1. Hang Seng (Hong Kong)
2. Norinchukin Bank (Japan)
3. Oversea-Chinese Banking (Singapore)
4. National Commercial Bank (Saudi Arabia)
5. Desjardins Group (Canada)
6. Capital One Financial (U.S.)
7. Qatar National Bank (Qatar)
8. OP Financial Group (Finland)
9. DBS Group Holdings (Singapore)
10. United Overseas Bank (Singapore)

-NORTH AMERICA: The Canadian Imperial Bank of Commerce is the only North American bank to appear in the rankings every year. The U.S. has three entries: newcomer Capital One Financial in McLean, Virginia, at No. 6; No. 14, Citigroup; and No. 15, Winston-Salem, North Carolina-based BB&T, the ninth-largest U.S. commercial bank by assets. New York-based Citigroup, the world’s twelfth-largest bank in terms of assets in the ranking period, is the only large global lender among the 20 strongest. The biggest U.S. banks by assets, led by JPMorgan Chase and Bank of America, didn’t make the list.

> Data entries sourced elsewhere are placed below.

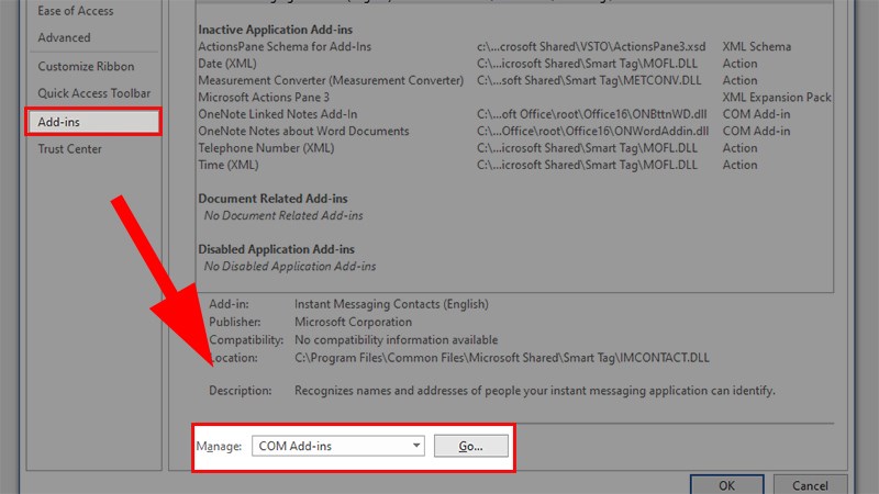 Bước 3: Trong hộp thoại Options hiển thị, điều hướng đến mục Add-ins và chọn nó. Sau đó, đi tới phần quản lý và chọn COM Add-ins. Nhấp vào nút Go.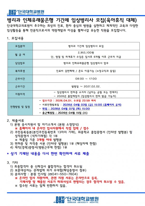 병리과 인체유래물은행 기간제 임상병리사 모집(육아휴직 대체) > 병원소개 > 병원소식 > 채용공고 | 사랑이 숨쉬는 인술의 요람 - 단국대학교병원 홈페이지입니다.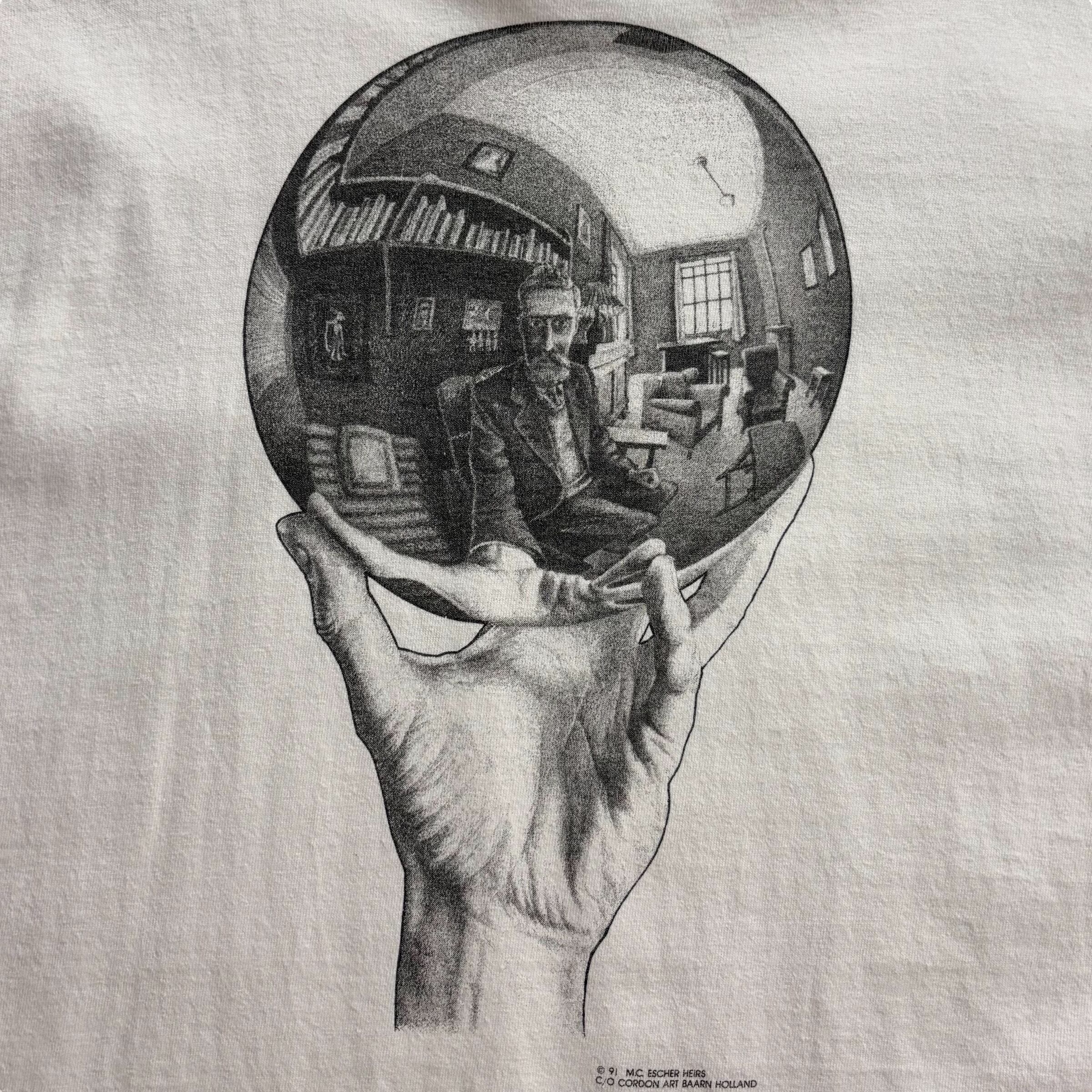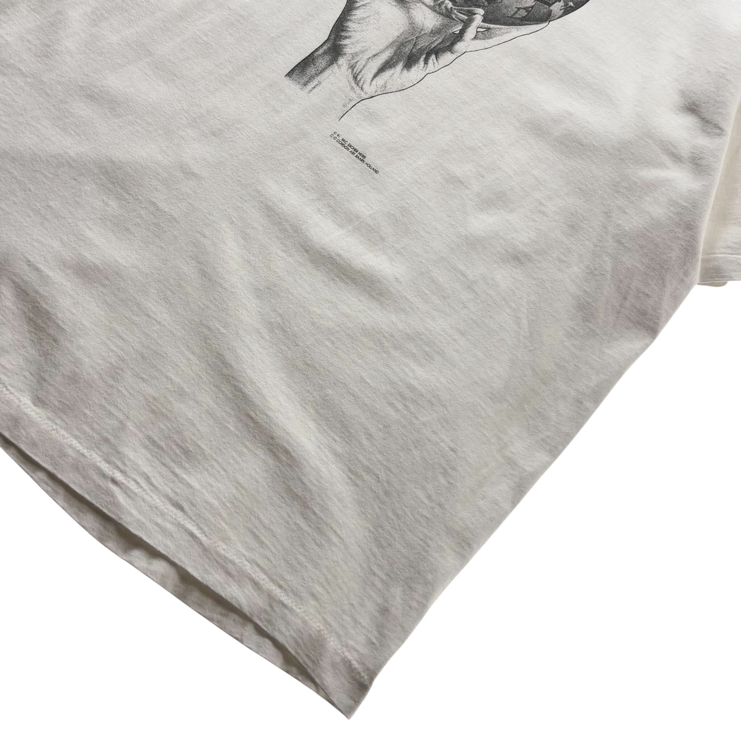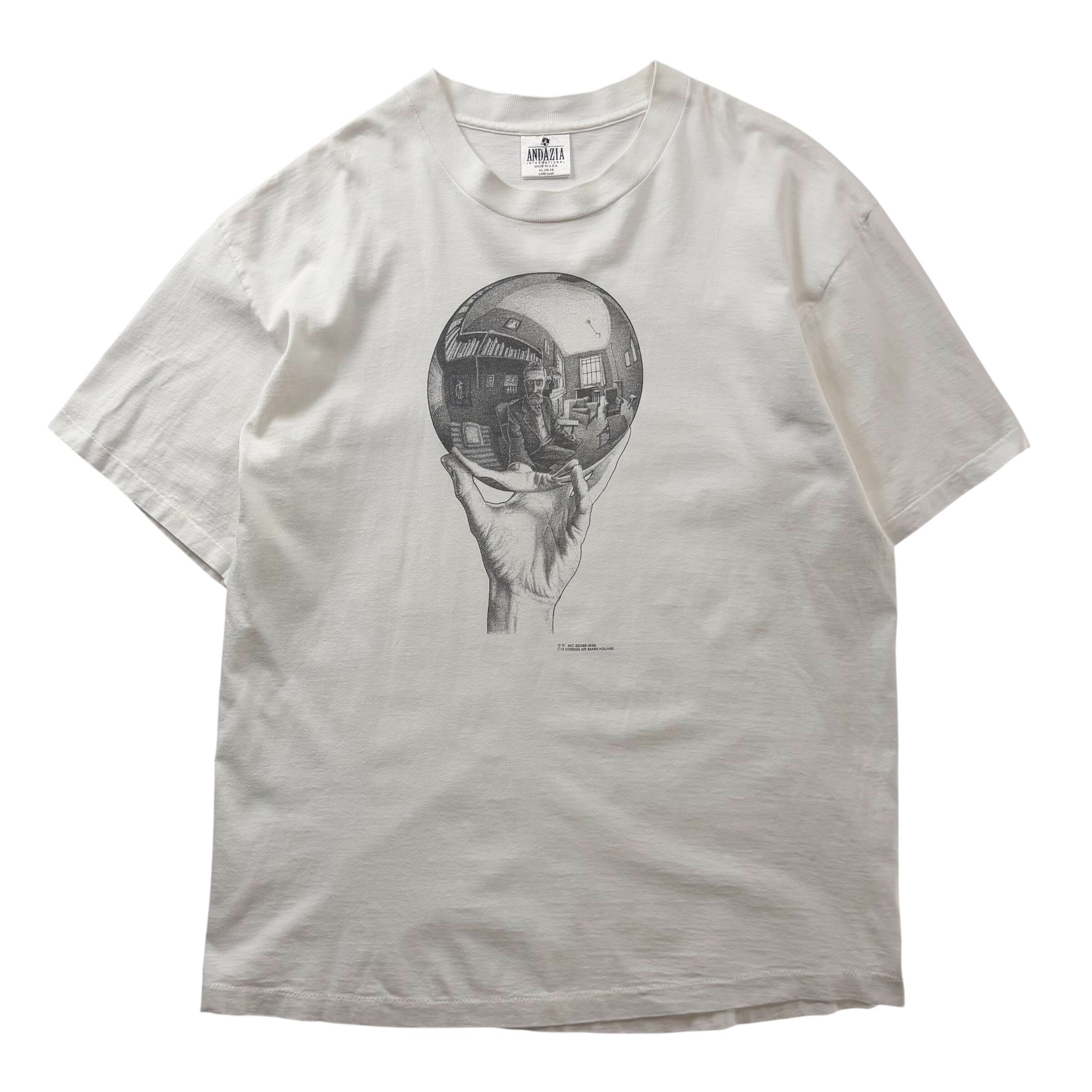 1990's "M.C.ESCHER" S/S Art Printed T-shirt Made In USA XL (ANDAZIA) / 90年代 MCエッシャー アートプリントTシャツ USA製 ホワイト アンダジア 90s ヴィンテージ ビンテージ シングルステッチ 反射球を持つ手 騙し絵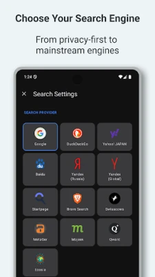 Choose from 13 engines including Google, DuckDuckGo, Brave, Startpage, Ecosia, Qwant, Mojeek, MetaGer, Swisscows, Yahoo Japan, Baidu, and Yandex.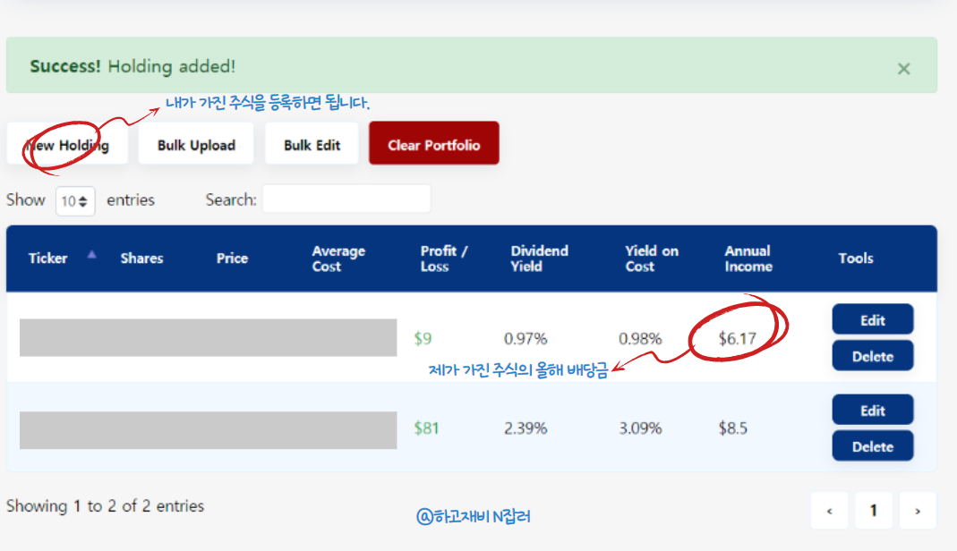 내가 가진 주식정보들을 저장해서 배당금 조회가 가능합니다.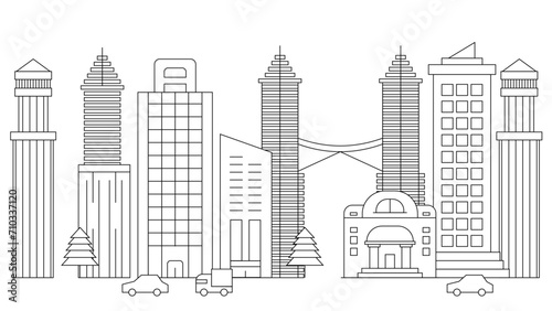 Obraz premium Black and white vector city building line art vector icon design illustration template background City landscape line urban skyline with cloud, building, cityscape hand sketch, flat houses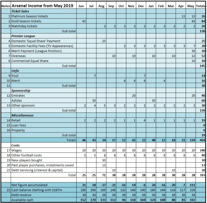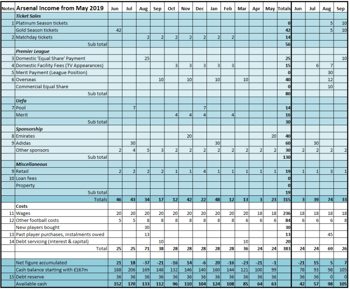 I realised I was underestimating sponsorship money with the uplift from Emirates and the Adidas deal being much more lucrative than the previous Puma deal. This means that the current cash situation is likely to be better than I’d thought, so I’ve amended the tables below. This raises the possibility of a small net transfer spend, though there will still be a large hole in the finances later next season if the usual £90m+ of ticket money doesn’t arrive.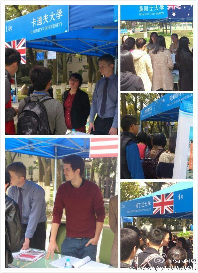 4月10日上午,ac米兰官网中文网站悉尼工商学院第二届海外名校展在文荟广场顺利举行。澳大利亚的悉尼科技大学、蒙纳士大学、西澳大学、阿德雷德大学、麦考瑞大学、英国诺丁汉大学、卡迪夫大学、埃塞克斯大学,赫尔大学、美国加州大学河滨分校、纽约州立大学、瓦尔帕莱索大学、阿比利基督大学、新西兰的梅西大学、荷兰的阿姆斯特丹大学、挪威BI商学院以及西班牙IE商学院等17所世界一流大学应邀参展。参展大学均针对学院学生专门制定了录取方案,并在同等情况下优先录取。
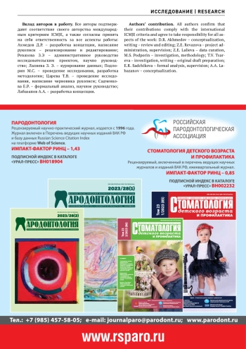 22. Царева ТВ, Балмасова ИП, Царев ВН. Поддесневой микробиом при заболеваниях пародонта и коморбидной патологии (метаанализ). Журнал микробиологии, эпидемиологии и иммунобиологии. 2024;101(2):281-292. DOI: 10.36233/0372-9311-500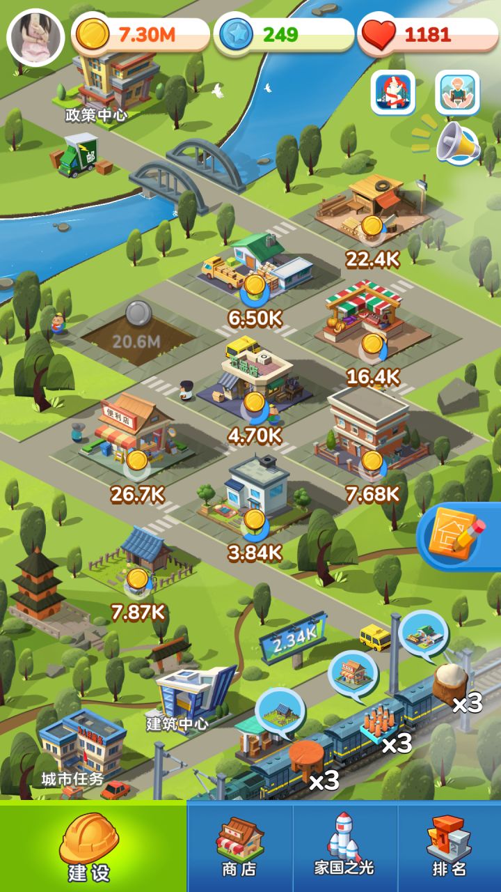 享受放置乐趣,共建美丽家乡趣味建设家园从零开始,把一块光秃秃的地皮一点一点升级成高楼大厦,看着整个城市慢慢的充实繁华,成就感真的超足!完全没想到一个简简单单的放置类城建游戏居然还能让人上瘾。果然付出之后获得回报的满足感才是最充实的。希望自己有朝一日也能为家乡的建设贡献出更多的力量!建筑组合搭配多种策略玩法从开始简单地摆放建筑,到后来不断探索建筑的搭配策略、升级建筑精致度来增加城市收入,来让

-ASIA: Four Asian banks have appeared on the list every year: Hang Seng Bank (Hong Kong), Oversea-Chinese Banking (Singapore), DBS Group Holdings (Singapore) and United Overseas Bank (Singapore).

-EUROPE: Europe tied Asia with six lenders in the top 20–thanks primarily to Nordic banks. Sweden’s regulator has been raising capital requirements for the biggest banks since 2011.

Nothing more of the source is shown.